A large firm headquartered in Milwaukee will be responsible for maintenance and operations of Saskatchewan schools on two long-term contracts, likely about 30 years. P3 deals are costly complex ownership and financing schemes in which the province essentially rents its own schools from management conglomerates. In P3 deals, one or several large for-profit corporations put up the capital in exchange for a hefty profit and massive interest fees.
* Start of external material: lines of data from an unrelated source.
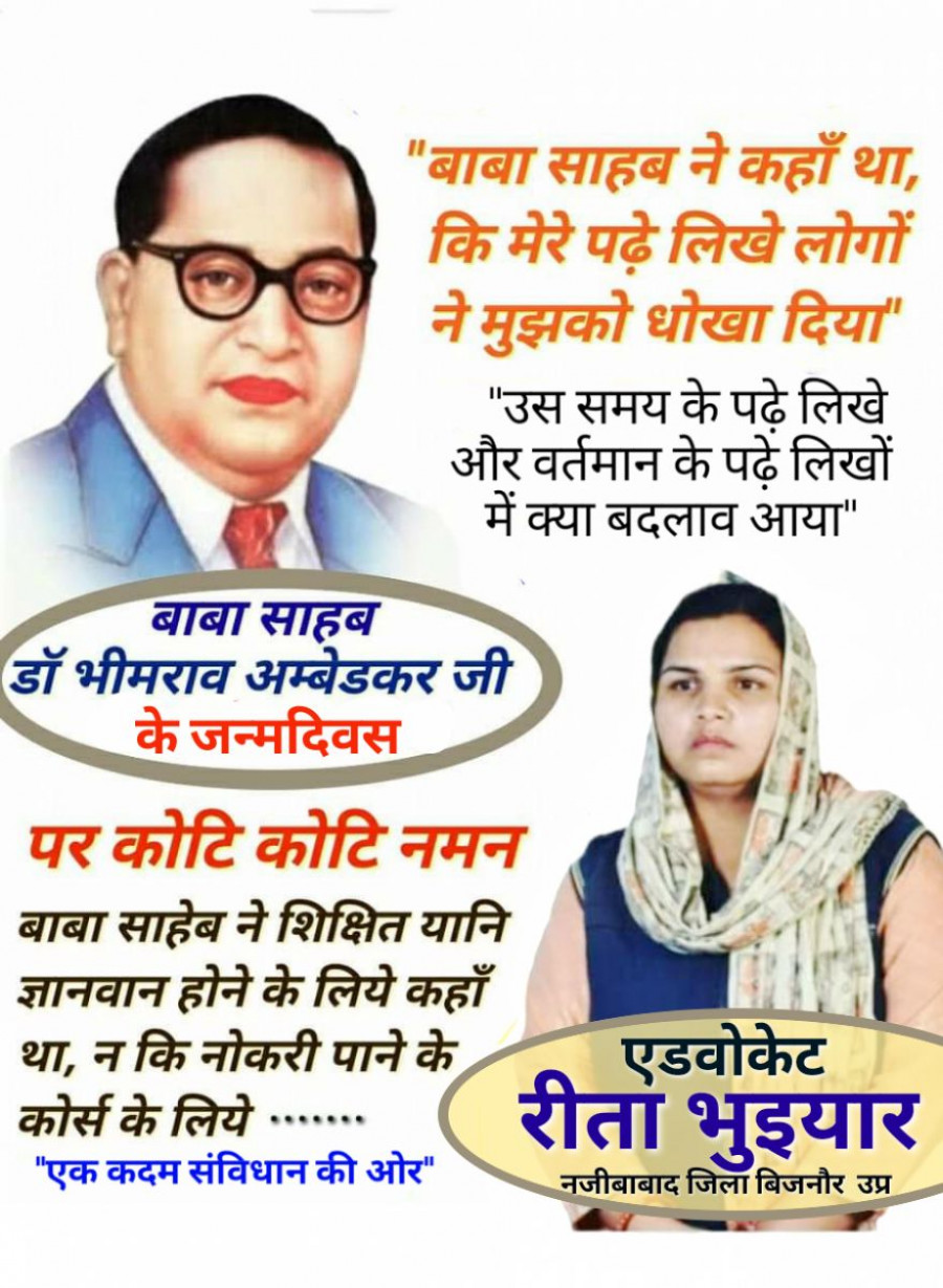 Apr 14, 2023नफरत पूर्व और वर्तमान में गैरबराबरी की थी, लेकिन जो बाबा सहाब का नाम लेकर आगे बढ़े क्या उनके अंदर गैरबराबरी की नफरत नहीं है, क्या बाबा सहाब को मानने वाले राजाशाही को स्थापित करने का काम नहीं कर रहे है, क्या जनता आज भी शिक्षा को स्वीकार कर पाई है, या
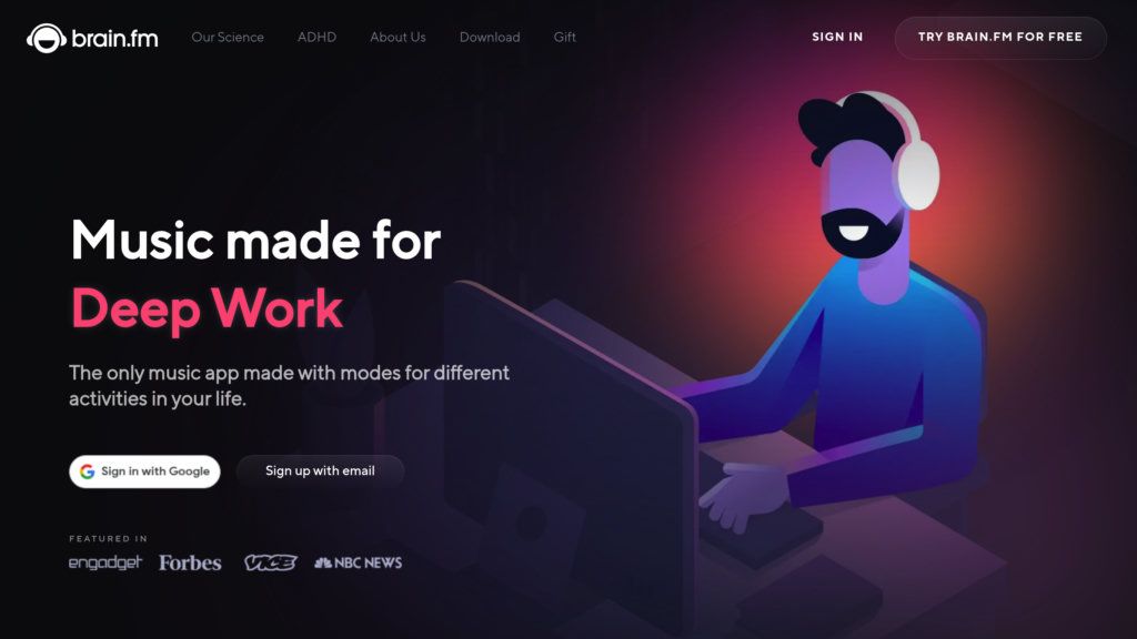 Предлагает специализированные аудио-треки для Фокуса, Расслабления, Сна и Медитации.
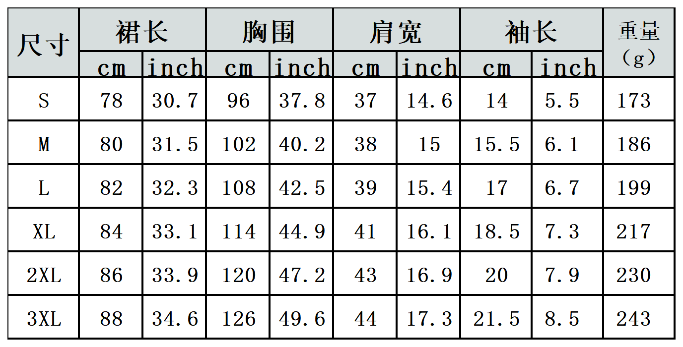 【特别说明】此尺码数据在衣服平铺下测量所得,因测量方法不同,误差在1-3cm内的属于正常现象
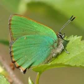 Voorvleugellengte: circa 14 mm. De bovenkant van de vleugels is effen bruin en de onderkant van de vleugels effen groen. Bij afgevlogen vlinders is de groene kleur op de onderkant van de vleugels soms gedeeltelijk verdwenen. Aan de achtervleugel bevindt zich een klein staartje.

Corporations comprising the conglomerate, which calls itself Joint Use Mutual Partnership (JUMP), include:
- from British Columbia, Concert Infrastructure;
- from Ontario, Bird capital;
- from Ontario, Bird Design-Build;
- from Saskatoon, Wright Construction;
- from Alberta, GEC Architecture;
- from Saskatoon, Kindrachuk Agrey Architecture; and
- from Milwaukee, Johnson Controls and its Canadian subsidiary offices.
“For private corporations to make a profit off operating our children’s schools on a 30-year contract, that money comes right from families in the form of more property taxes,” said NDP deputy leader Trent Wotherspoon. “And, to add insult to injury, the proponents aren’t even from Saskatchewan – the profits go directly to British Columbia, Ontario and out of country. Plus, the local construction industry is largely shut out of building our community’s schools.”
The NDP has been critical of the use of a P3 rent-to-own scheme in education, noting that it typically costs more; that local community access is restricted or made very expensive by the management company; and that the local economy, including the local construction industry, doesn’t benefit as they should from large-scale construction projects.